_Provided data_.
=== Section Start ===

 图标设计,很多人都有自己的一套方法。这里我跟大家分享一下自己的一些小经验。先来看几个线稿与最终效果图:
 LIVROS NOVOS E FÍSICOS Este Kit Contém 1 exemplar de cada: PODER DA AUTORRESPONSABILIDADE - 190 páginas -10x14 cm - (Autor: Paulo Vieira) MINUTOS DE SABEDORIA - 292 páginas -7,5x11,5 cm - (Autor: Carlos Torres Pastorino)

=== Section End ===
=== Section Start ===

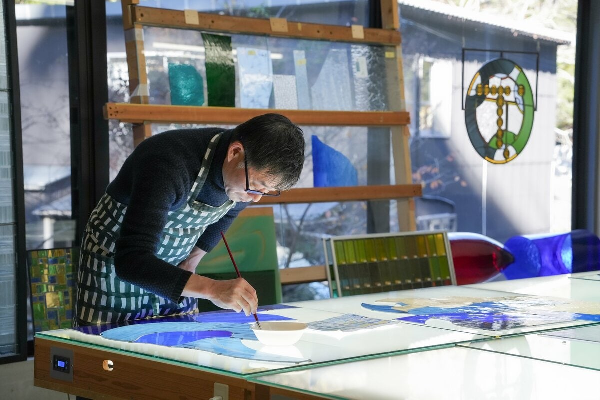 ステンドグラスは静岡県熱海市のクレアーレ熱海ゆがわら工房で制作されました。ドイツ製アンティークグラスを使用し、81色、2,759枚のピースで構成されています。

=== Section End ===

_What is required_. Return a word-for-word copy of the lines above from the one holding "图标设计,很多人都有自己的一" through the one holding "LIVROS NOVOS E", with both of them included and nothing besides.

_Solution to the problem_.
 图标设计,很多人都有自己的一套方法。这里我跟大家分享一下自己的一些小经验。先来看几个线稿与最终效果图:
 LIVROS NOVOS E FÍSICOS Este Kit Contém 1 exemplar de cada: PODER DA AUTORRESPONSABILIDADE - 190 páginas -10x14 cm - (Autor: Paulo Vieira) MINUTOS DE SABEDORIA - 292 páginas -7,5x11,5 cm - (Autor: Carlos Torres Pastorino)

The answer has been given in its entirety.